# [Work task]
I need the entries printed again word for word, without the images.

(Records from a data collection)
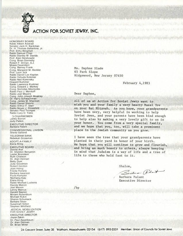 Jews -- Massachusetts -- Boston, Jews, Soviet, Emigration & immigration, Refuseniks, Bat Mitzvah, Donations, Jews -- New Jersey
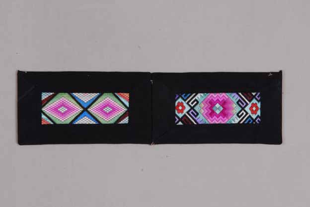 此件文物为民国几何花卉纹纳锦绣枕顶,基本以纯黑色为背景,彩色丝线缝制几何图案。不同于方形制,这两幅枕顶是长方状形制。
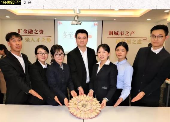 “會做餃子”組合,用餃子擺成了圓環(huán),象征著匯創(chuàng)資本的所有員工團團圓圓、心心相印。
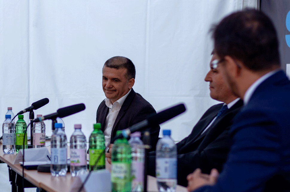 Biró Csaba, a POLgármester kabinetvezetője az első kérdező a közönségből.
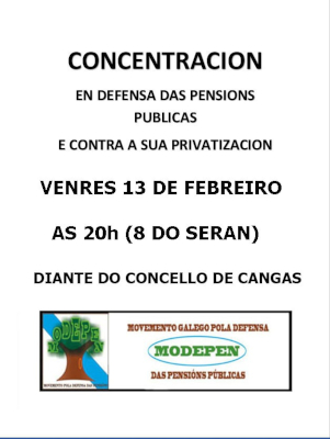 Cangas: Concentración na Defensa das Pensións Públicas e contra a sua Privatización, o día 13 de Febreiro, as 20:00 h. diante do Concello de Cangas. 3 Febreiro, 2026 modepen AXENDA Febreiro 13, 2026 | 8:00 pm Diante do Concello, Cangas, Galiza Compartir en:Share on X (Twitter)Share on FacebookShare on WhatsAppShare on Telegram
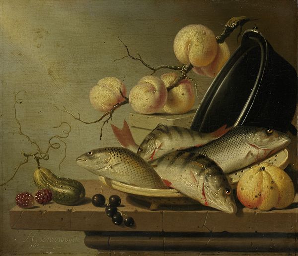 Editor: Here we have Abraham van Beyeren's "Still Life with Fish," likely painted sometime between 1650 and 1670. The use of oil on canvas gives it a rich, almost tactile quality. There's a somberness to the composition that's both intriguing and slightly unsettling. How do you read this painting? Curator: That somberness is a great starting point. These Dutch Golden Age still lifes, while seemingly just depictions of food, are so much more. Consider the historical context: the rise of Dutch maritime power and the expansion of global trade. Fish wasn't just food; it was a commodity, a symbol of prosperity built on potentially exploitative economic systems and the subjugation of the environment. Editor: Exploitative how? I guess I hadn’t really thought of the economic side of the piece before. Curator: Well, who benefits from this bounty? The painting highlights the availability of these resources, but it also subtly acknowledges the labor and systems required to bring them to the table. Consider ideas of access, both in Van Beyeren's time, and our own, related to food and environmental justice. Editor: So, the painting becomes a statement, or at least raises questions about the ethics of consumption. Curator: Precisely. And think about the 'vanitas' tradition in still life—these images also acted as memento mori, reminders of mortality. The fish, already caught and prepared, highlights the transience of life, a meditation on our place in the natural order but also how resources may or may not last. It also poses questions such as who got access to it and who didn't, since they are not eternal. Do you see the visual language of privilege and possible over-exploitation now? Editor: Definitely! I initially saw only the surface, but understanding the historical and social implications adds a whole new layer. I now read this artwork with a completely new understanding of its implications and the history surrounding the painter and the work of art itself. Curator: Indeed. This is the power of art history. We can engage in critical dialogues and explore social injustices, economic inequalities, environmental and intersectional injustices and more. It also leads to the deeper, critical questions we must pose now.
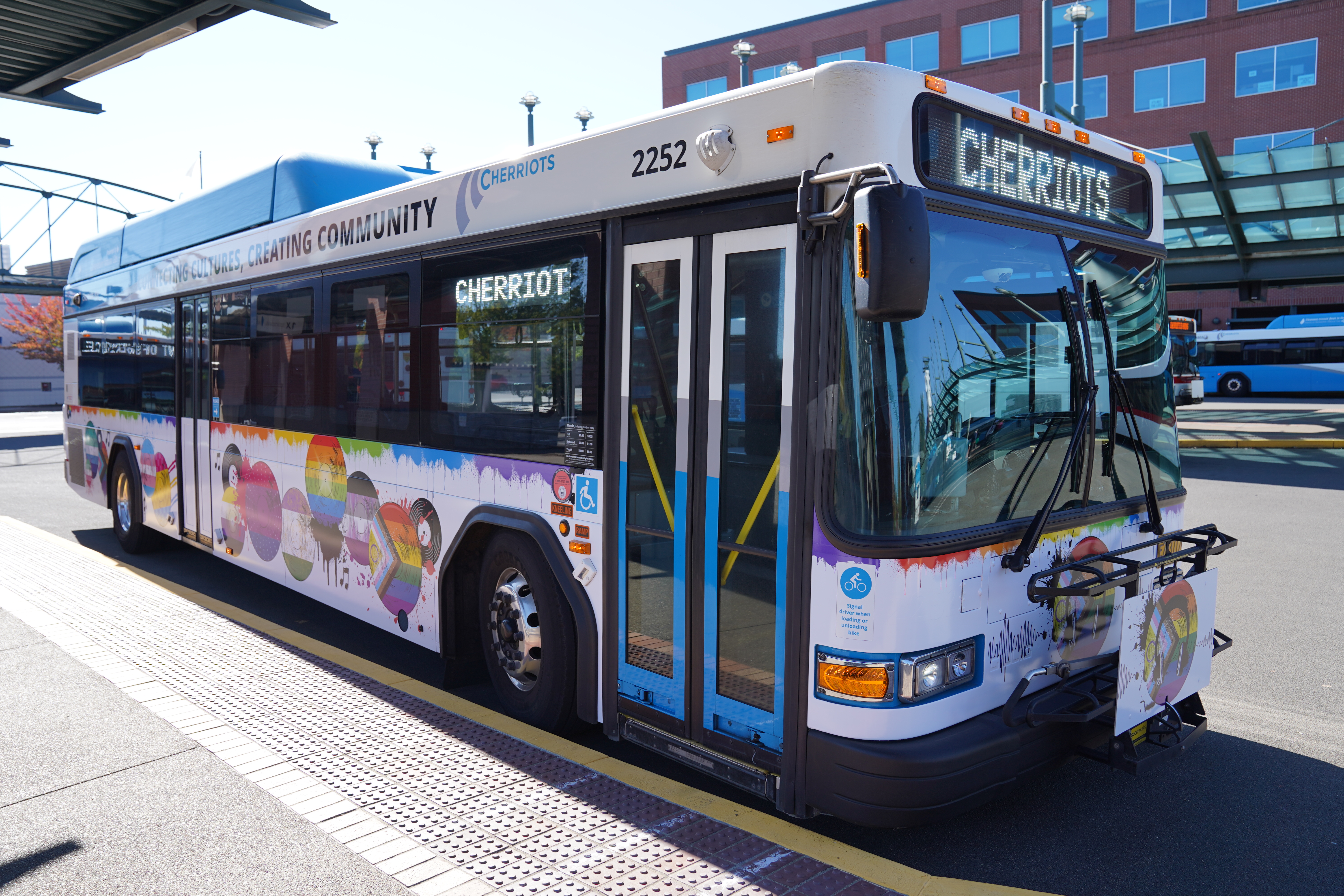Cherriots is excited to announce the unveiling of its community-designed Pride Bus, debuting this week. This unique bus wrap, created by a local artist and Cherriots employee, was selected by a Board subcommittee as part of Cherriots’ ongoing community and culture-focused bus wrap campaign.
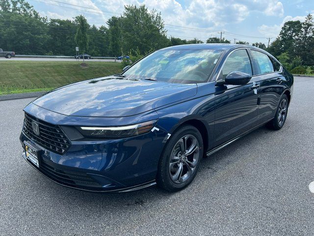 Canyon River Blue Metallic 2025 Honda Accord Hybrid EX-L 4D Sedan FWD eCVT 2.0L I4 DOHC 16V 51/44 City/Highway MPG
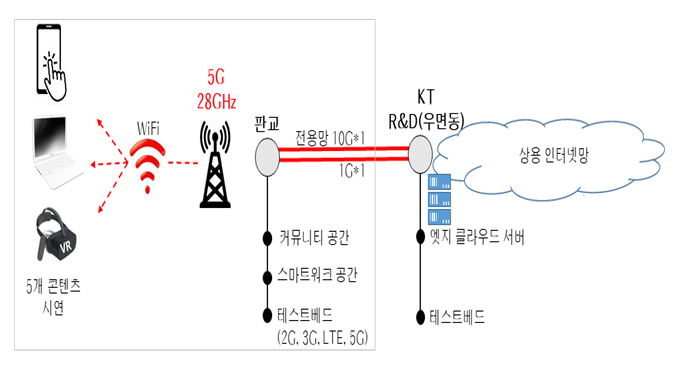 무선조종자동차(RC카) 실시간 원격(3km) 조종, 가상현실(VR) 기술을 활용한 아이돌 그룹 팬미팅, 360도 촬영 기술로 구현한 가상 여행 콘텐츠, 고화질 영상 송출을 통한 가상 박물관 관람 서비스와 실시간 체온·안면인식이 가능한 스피드게이트가 선보였다.
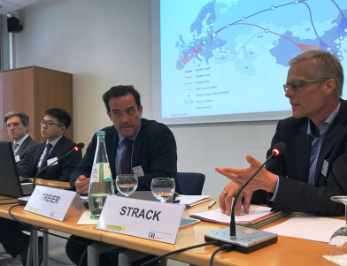 07.05.2018 Trojanisches Pferd oder Zukunftschance? Die chinesische Belt-and-Road-Initiative (BRI) zur Entwicklung einer modernen Seidenstraße in die EU gibt Rätsel auf. < > Eröffnungs-Panel mit Volker Treier (DIHK); Fridolin Strack (BDI); Hu Zhiago (Chinesische Akademie der Wissenschaften). Fotos: Andreas Metz Jens Bastian (Südosteuropagesellschaft) bereitete mit seinem Eingangsstatement den Boden für eine spannende Diskussion Idyllisch im Berliner Grunewald gelegen: die Europäische Akademie PreviousNext Kontakt
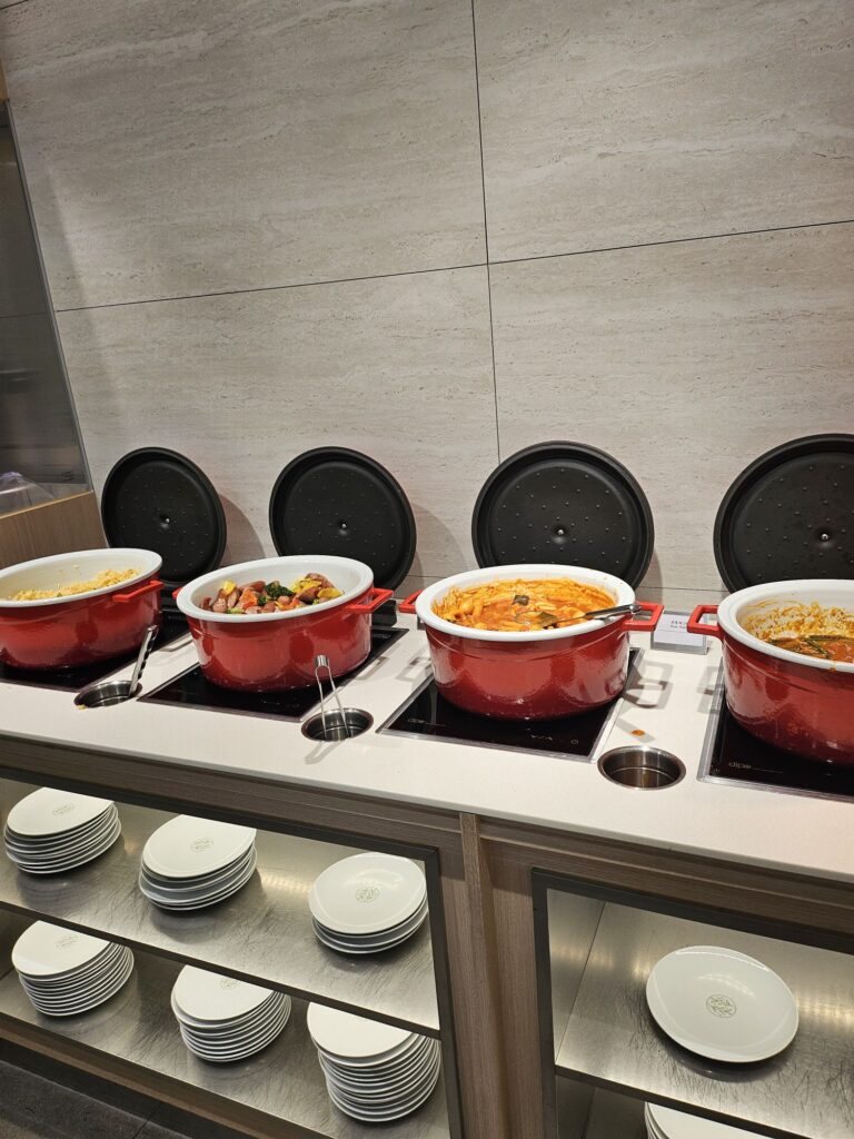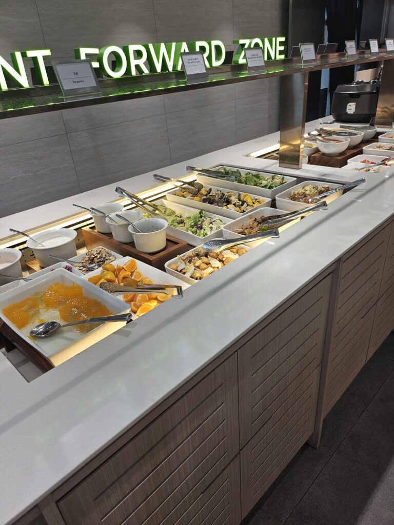 空港ではプライオリティーパスの使えるラウンジがありました。メニューはまずまずあります!

# [Final answer]
 Jews -- Massachusetts -- Boston, Jews, Soviet, Emigration & immigration, Refuseniks, Bat Mitzvah, Donations, Jews -- New Jersey
 此件文物为民国几何花卉纹纳锦绣枕顶,基本以纯黑色为背景,彩色丝线缝制几何图案。不同于方形制,这两幅枕顶是长方状形制。
 “會做餃子”組合,用餃子擺成了圓環(huán),象征著匯創(chuàng)資本的所有員工團團圓圓、心心相印。
 Biró Csaba, a POLgármester kabinetvezetője az első kérdező a közönségből.
 Cangas: Concentración na Defensa das Pensións Públicas e contra a sua Privatización, o día 13 de Febreiro, as 20:00 h. diante do Concello de Cangas. 3 Febreiro, 2026 modepen AXENDA Febreiro 13, 2026 | 8:00 pm Diante do Concello, Cangas, Galiza Compartir en:Share on X (Twitter)Share on FacebookShare on WhatsAppShare on Telegram
 Editor: Here we have Abraham van Beyeren's "Still Life with Fish," likely painted sometime between 1650 and 1670. The use of oil on canvas gives it a rich, almost tactile quality. There's a somberness to the composition that's both intriguing and slightly unsettling. How do you read this painting? Curator: That somberness is a great starting point. These Dutch Golden Age still lifes, while seemingly just depictions of food, are so much more. Consider the historical context: the rise of Dutch maritime power and the expansion of global trade. Fish wasn't just food; it was a commodity, a symbol of prosperity built on potentially exploitative economic systems and the subjugation of the environment. Editor: Exploitative how? I guess I hadn’t really thought of the economic side of the piece before. Curator: Well, who benefits from this bounty? The painting highlights the availability of these resources, but it also subtly acknowledges the labor and systems required to bring them to the table. Consider ideas of access, both in Van Beyeren's time, and our own, related to food and environmental justice. Editor: So, the painting becomes a statement, or at least raises questions about the ethics of consumption. Curator: Precisely. And think about the 'vanitas' tradition in still life—these images also acted as memento mori, reminders of mortality. The fish, already caught and prepared, highlights the transience of life, a meditation on our place in the natural order but also how resources may or may not last. It also poses questions such as who got access to it and who didn't, since they are not eternal. Do you see the visual language of privilege and possible over-exploitation now? Editor: Definitely! I initially saw only the surface, but understanding the historical and social implications adds a whole new layer. I now read this artwork with a completely new understanding of its implications and the history surrounding the painter and the work of art itself. Curator: Indeed. This is the power of art history. We can engage in critical dialogues and explore social injustices, economic inequalities, environmental and intersectional injustices and more. It also leads to the deeper, critical questions we must pose now.
Cherriots is excited to announce the unveiling of its community-designed Pride Bus, debuting this week. This unique bus wrap, created by a local artist and Cherriots employee, was selected by a Board subcommittee as part of Cherriots’ ongoing community and culture-focused bus wrap campaign.
 Canyon River Blue Metallic 2025 Honda Accord Hybrid EX-L 4D Sedan FWD eCVT 2.0L I4 DOHC 16V 51/44 City/Highway MPG
 무선조종자동차(RC카) 실시간 원격(3km) 조종, 가상현실(VR) 기술을 활용한 아이돌 그룹 팬미팅, 360도 촬영 기술로 구현한 가상 여행 콘텐츠, 고화질 영상 송출을 통한 가상 박물관 관람 서비스와 실시간 체온·안면인식이 가능한 스피드게이트가 선보였다.
 07.05.2018 Trojanisches Pferd oder Zukunftschance? Die chinesische Belt-and-Road-Initiative (BRI) zur Entwicklung einer modernen Seidenstraße in die EU gibt Rätsel auf. < > Eröffnungs-Panel mit Volker Treier (DIHK); Fridolin Strack (BDI); Hu Zhiago (Chinesische Akademie der Wissenschaften). Fotos: Andreas Metz Jens Bastian (Südosteuropagesellschaft) bereitete mit seinem Eingangsstatement den Boden für eine spannende Diskussion Idyllisch im Berliner Grunewald gelegen: die Europäische Akademie PreviousNext Kontakt
 空港ではプライオリティーパスの使えるラウンジがありました。メニューはまずまずあります!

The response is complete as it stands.